Beberapa tahun ini, warga Bandung mulai mengeluhkan betapa sulitnya terbang dari kota ini. Bandara Husein Sastranegara sepi, sementara Kertajati terasa jauh. Namun kini jarak itu mulai “dilipat” oleh Kereta Cepat Whoosh dan akses jalan tol. Cerita baru mobilitas Bandung pun dimulai.

Sejak 2023 Bandara Kertajati mulai melayani penerbangan reguler dan disasar menjadi gerbang besar yang menghubungkan Bandung Raya dengan dunia. Namun perjalanan tidak berhenti di langit, mobilitas di darat harus tertata dari bandara ke kota, dari stasiun ke destinasi.

Bagi wisatawan yang mendarat di Soekarno-Hatta, opsi ke Bandung bisa naik Whoosh (Halim-Tegalluar).
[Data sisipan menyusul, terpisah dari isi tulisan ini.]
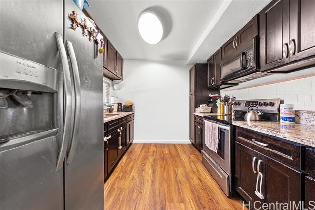 - Welcome home to this beautifully upgraded four-bedroom, two-bath townhome situated in the desirable hills of Makakilo. Designed for both comfort and functionality, this move-in ready residence is an excellent fit for first-time homebuyers or investors seeking a low-maintenance property with strong rental potential. The interior features luxury vinyl plank flooring throughout, offering a modern look that’s both stylish and durable. Upstairs bathrooms has been refreshed with a reglazed tub, adding a clean and updated finish. The open-concept living area flows seamlessly to a private deck backyard, perfect for entertaining or enjoying the cool Makakilo breeze. With two assigned parking stalls, convenience is built right in. The community offers amenities such as a pool and playground, enhancing the lifestyle experience. Ideally located just minutes from Kapolei’s shopping, dining, and beaches, this home combines hillside living with the convenience of nearby urban amenities. Don’t miss your chance to own in one of West Oahu’s most sought-after communities—Makakilo living at its finest.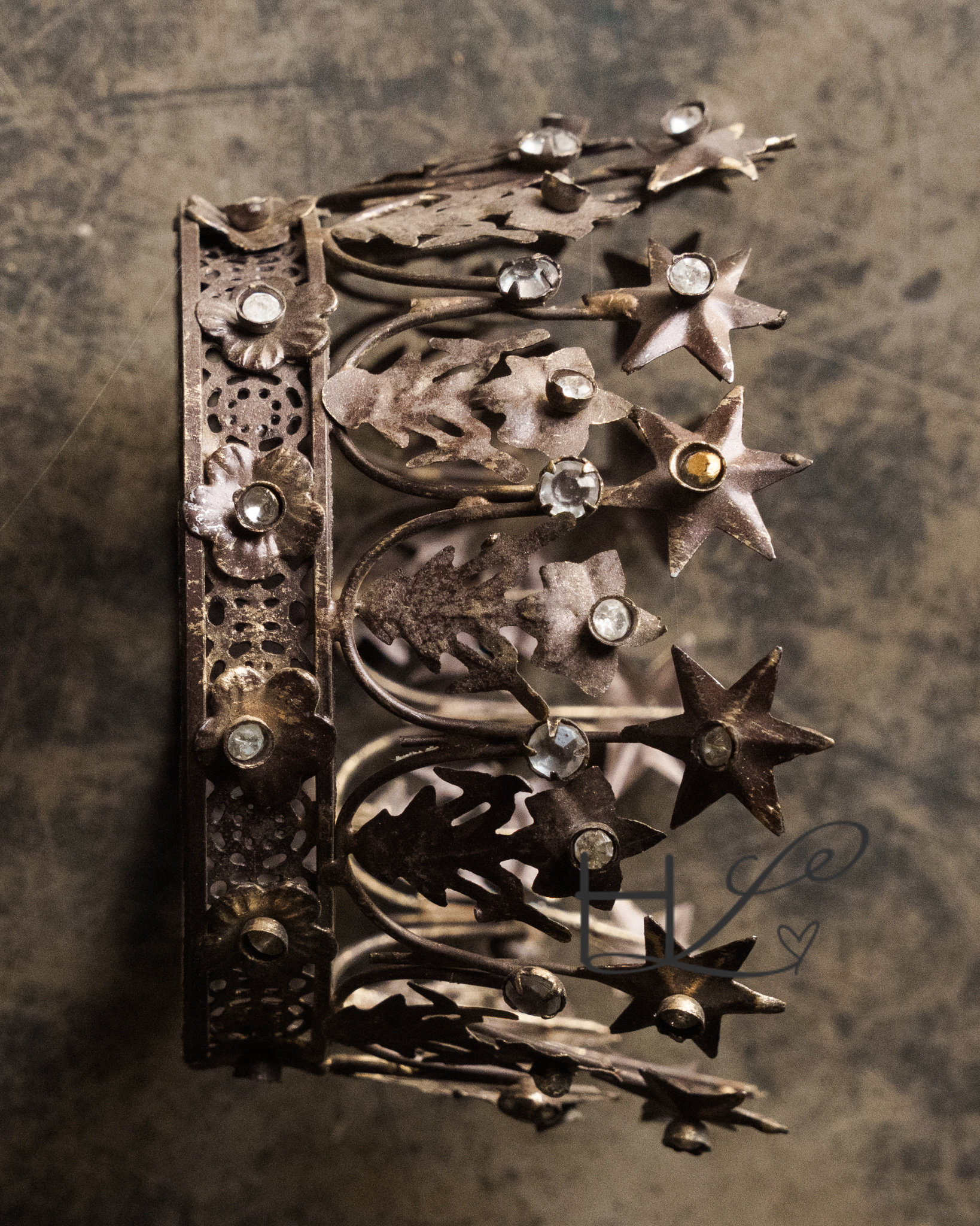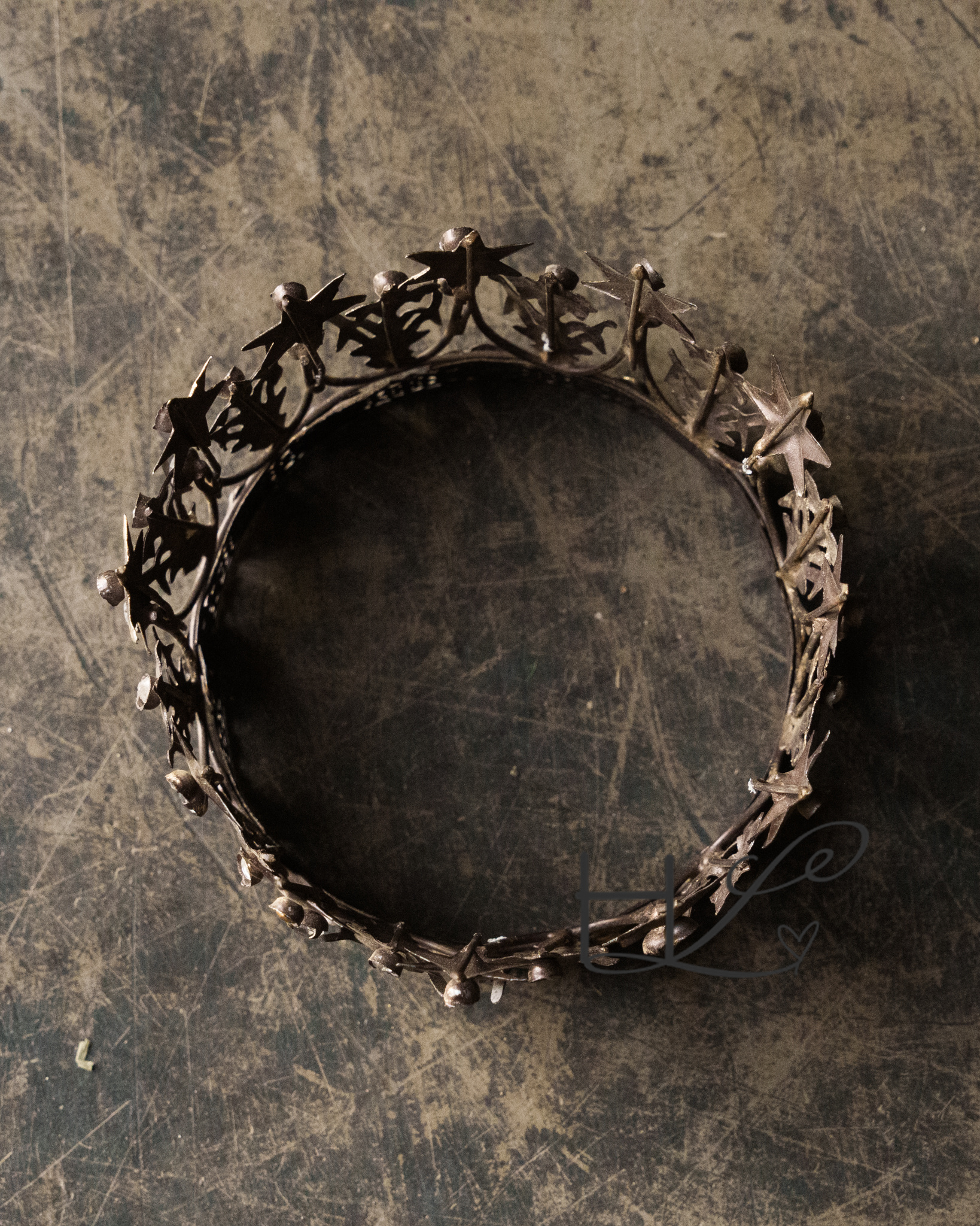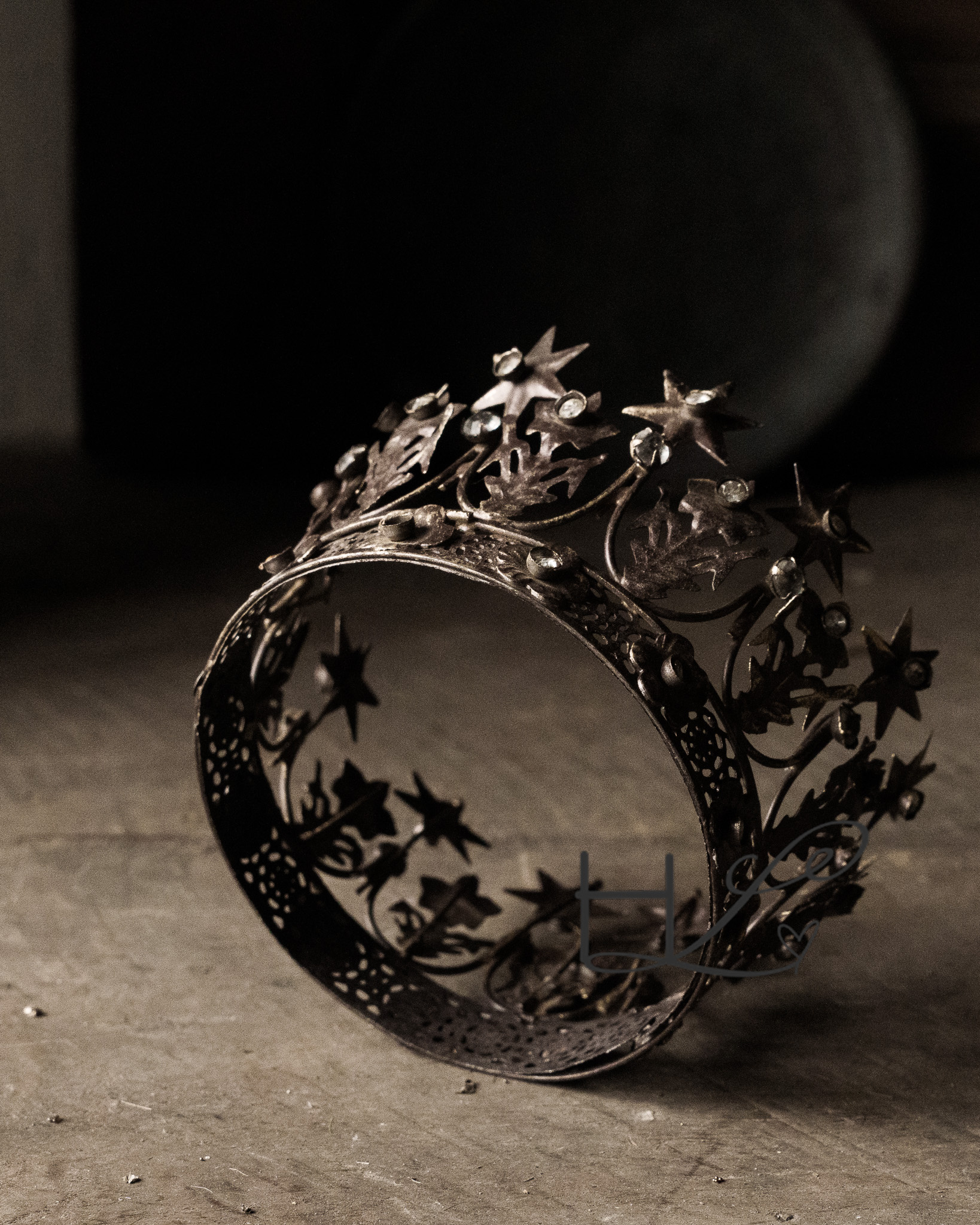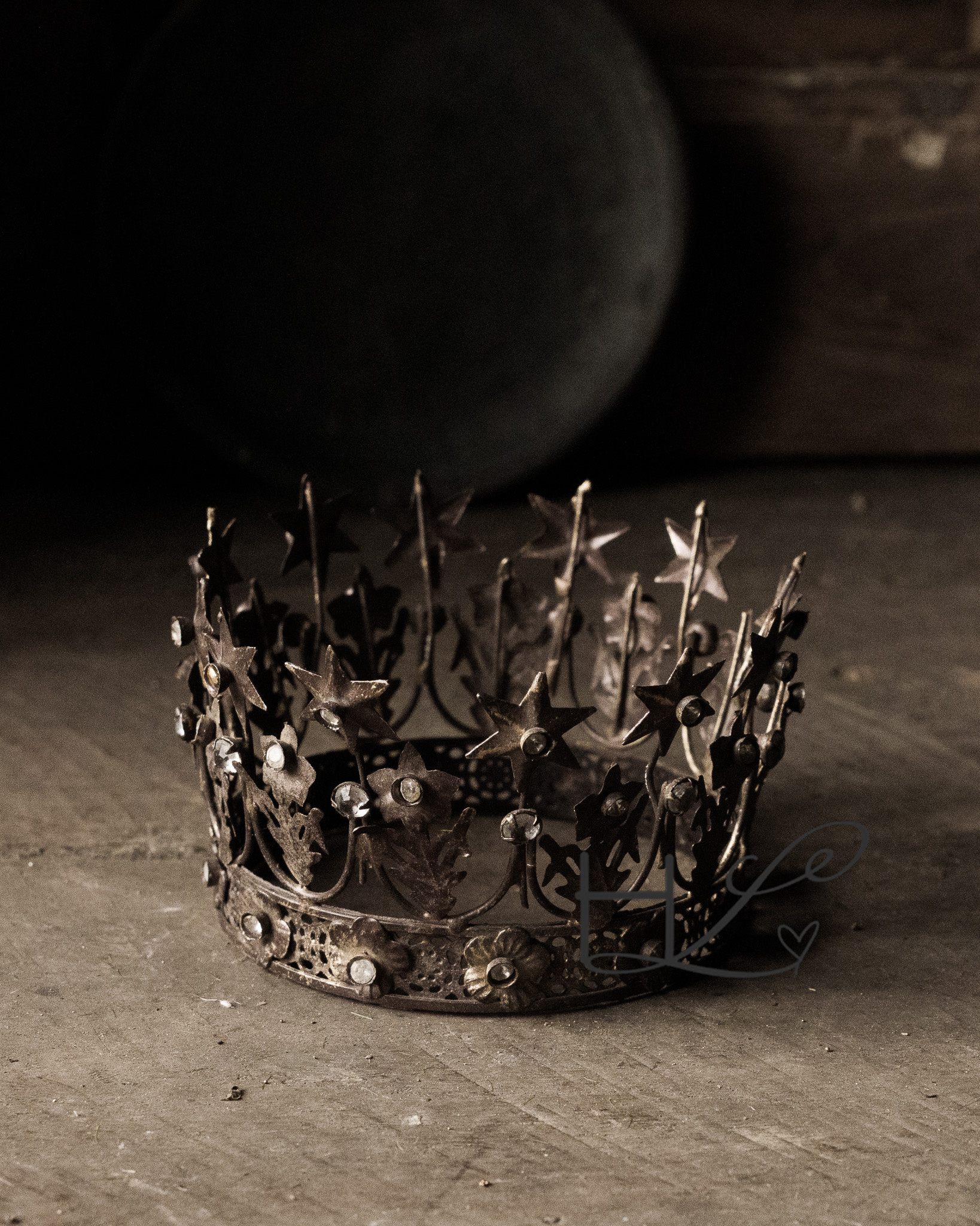 A beautiful metal crown in antique bronze. With its delicate stars and decorative details, this is an atmospheric piece that makes a pillar candle or lantern extra special. The crown adds a touch of elegance and a robust, understated look to your interior.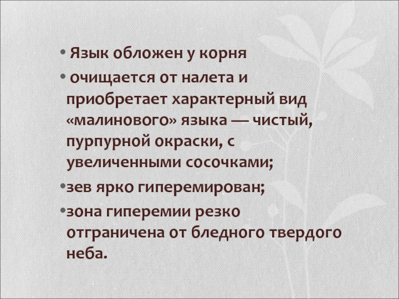 Слайд 22Язык, сначала обложенный серовато-белым налётом,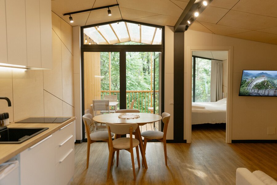 Комплекс предлагает двенадцать экологичных домиков, оснащенных всем необходимым для комфортного отдыха. Здесь найдут уют как пары, так и семьи или корпоративные группы. В каждом домике — удобные кровати, современные кухни, душевые, кондиционеры, телевизоры и просторные террасы. При строительстве использовались только натуральные материалы, а сотрудничество с местными поставщиками поддерживает экономику региона.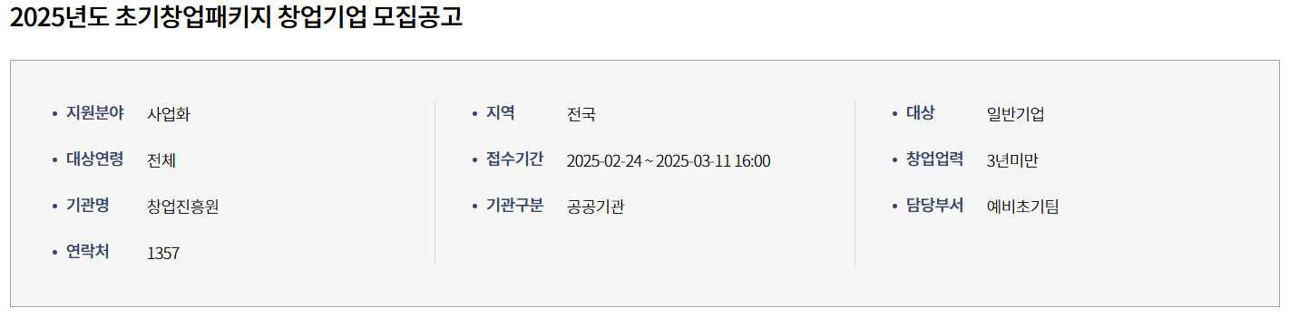 초기창업패키지는 창업 3년 이내의 기업을 대상으로 하며, 최대 1억 원의 지원금을 제공합니다.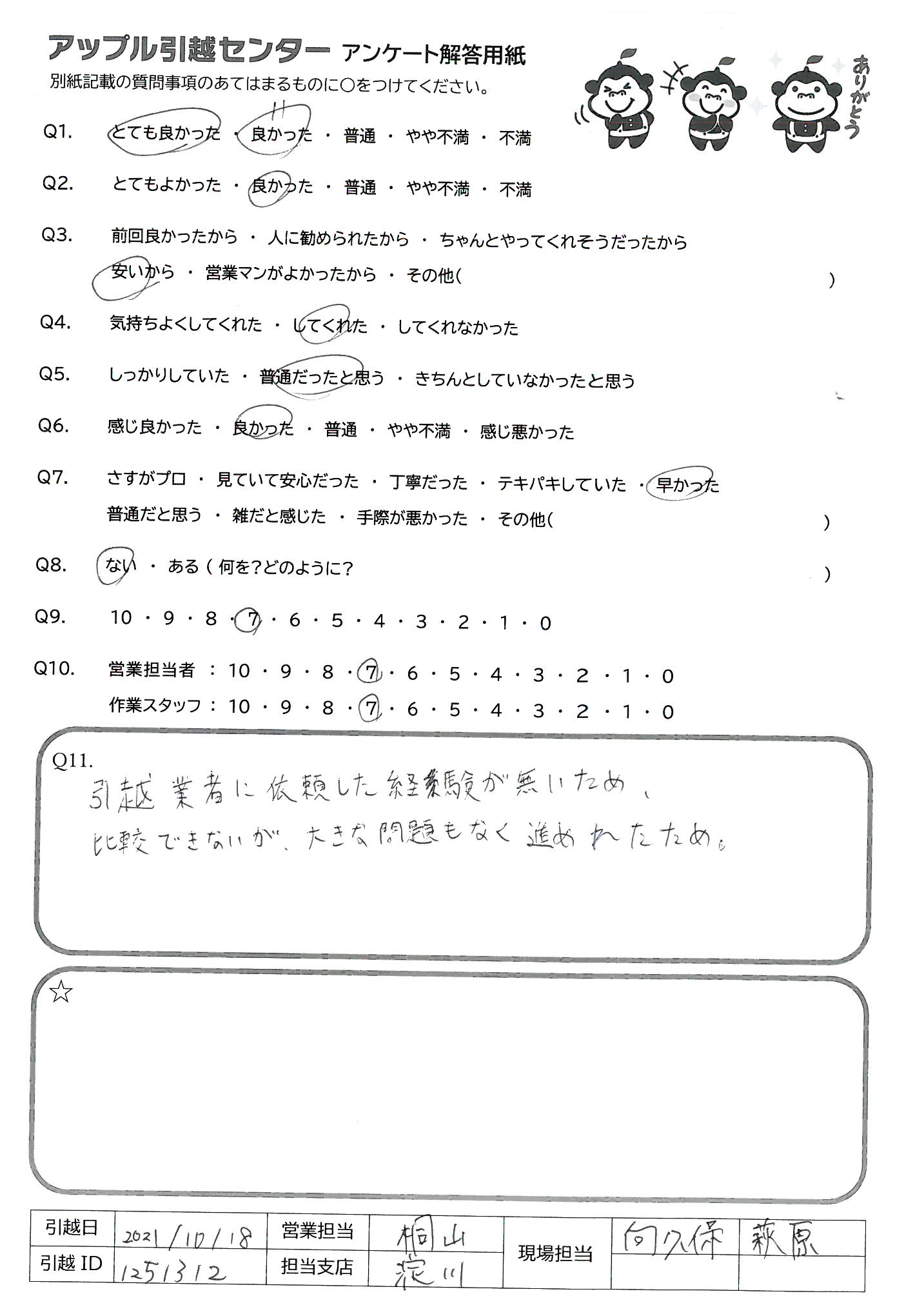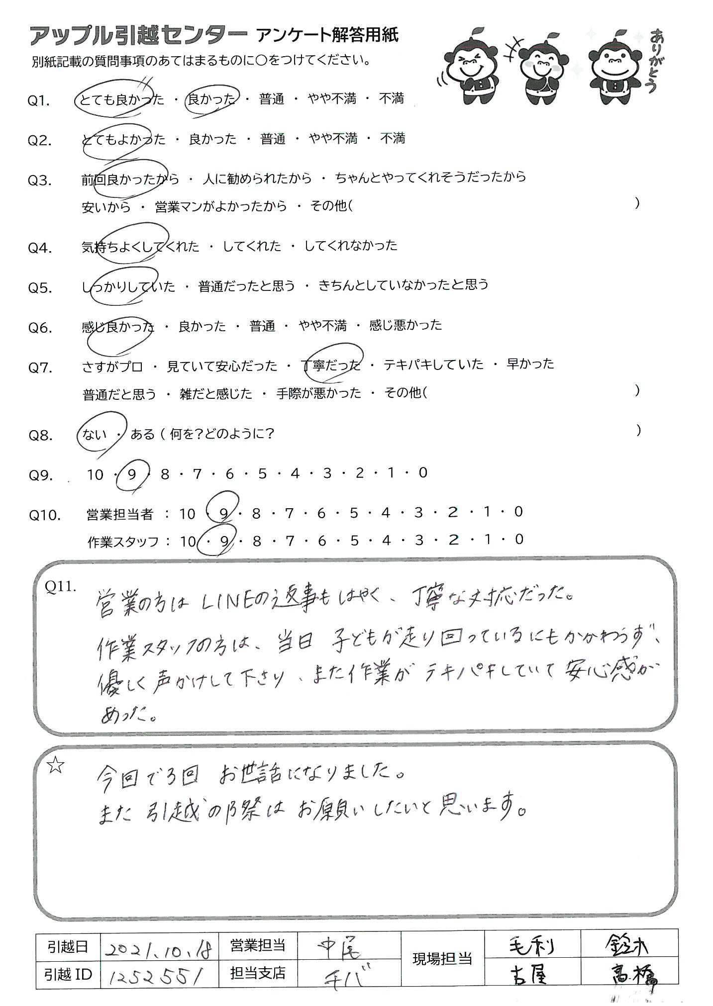 A.引越し当日はありがとうございました。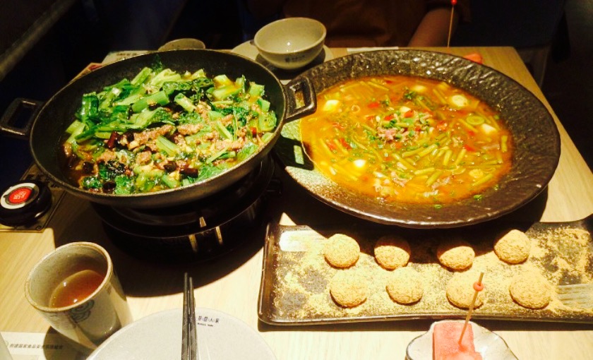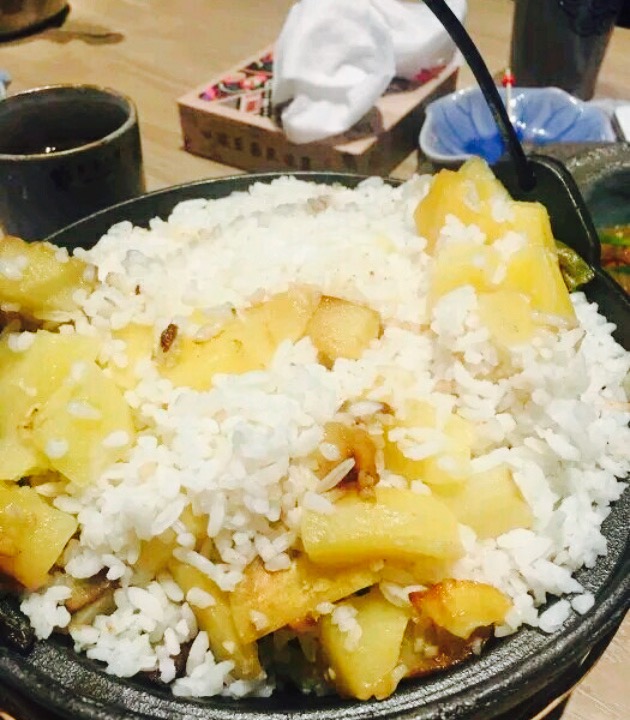 跟着同学来蹭吃蹭喝。【青菜牛肉】看评价都在说好吃,作为招牌菜于是第一个就点了。只是本人觉得油加的太多,到最后都是浮在上面的油,看着没什么胃口。实际上没有必要加这么多油吧,不然口感会更加好,卖相也会更胜一筹。只是好在分量还是比较多。【神仙酒】被图片吸引了,烟雾缭绕觉得很漂亮。可是,在我们问了服务员大盆多大以后,也只是简单回答了几句,最后两个人,强行喝了半盆快撑到。味道的话酒味还是很香的,比较有特色可以一点。其实可以让店员适当给点分量上的意见这样提高服务的品质。【荞粑粑】??????觉得这个最美味了。单吃带走荞麦的苦味,加上一点蜂蜜,正好中和了口味,所以很香。觉得吃着很健康。【锅贴土豆丝】我不喜欢这道菜。实在太油,加了吸油纸还是一层油,要么就在厨房再处理一下过一遍油,吸一下。吃完几口只觉得满嘴都是油光很不安逸,而且主要是也没有什么其他味道啊。还是不如点其他特色小吃,这个雷,我先踩了。【服务】服务小哥态度很好也很热心。

Memang kurang dari 45 menit. Tetapi untuk mencapai stasiun Whoosh, mereka harus menembus kemacetan di Jakarta. Tiba di Tegalluar, keluhan lain muncul karena minimnya moda lanjutan untuk mencapai pusat kota dan kawasan wisata. Banyak yang akhirnya memilih turun di Padalarang, meski harus repot dan siap berjejalan di kereta feeder menuju Bandung. Akses makin mudah, tapi konektivitas belum tuntas.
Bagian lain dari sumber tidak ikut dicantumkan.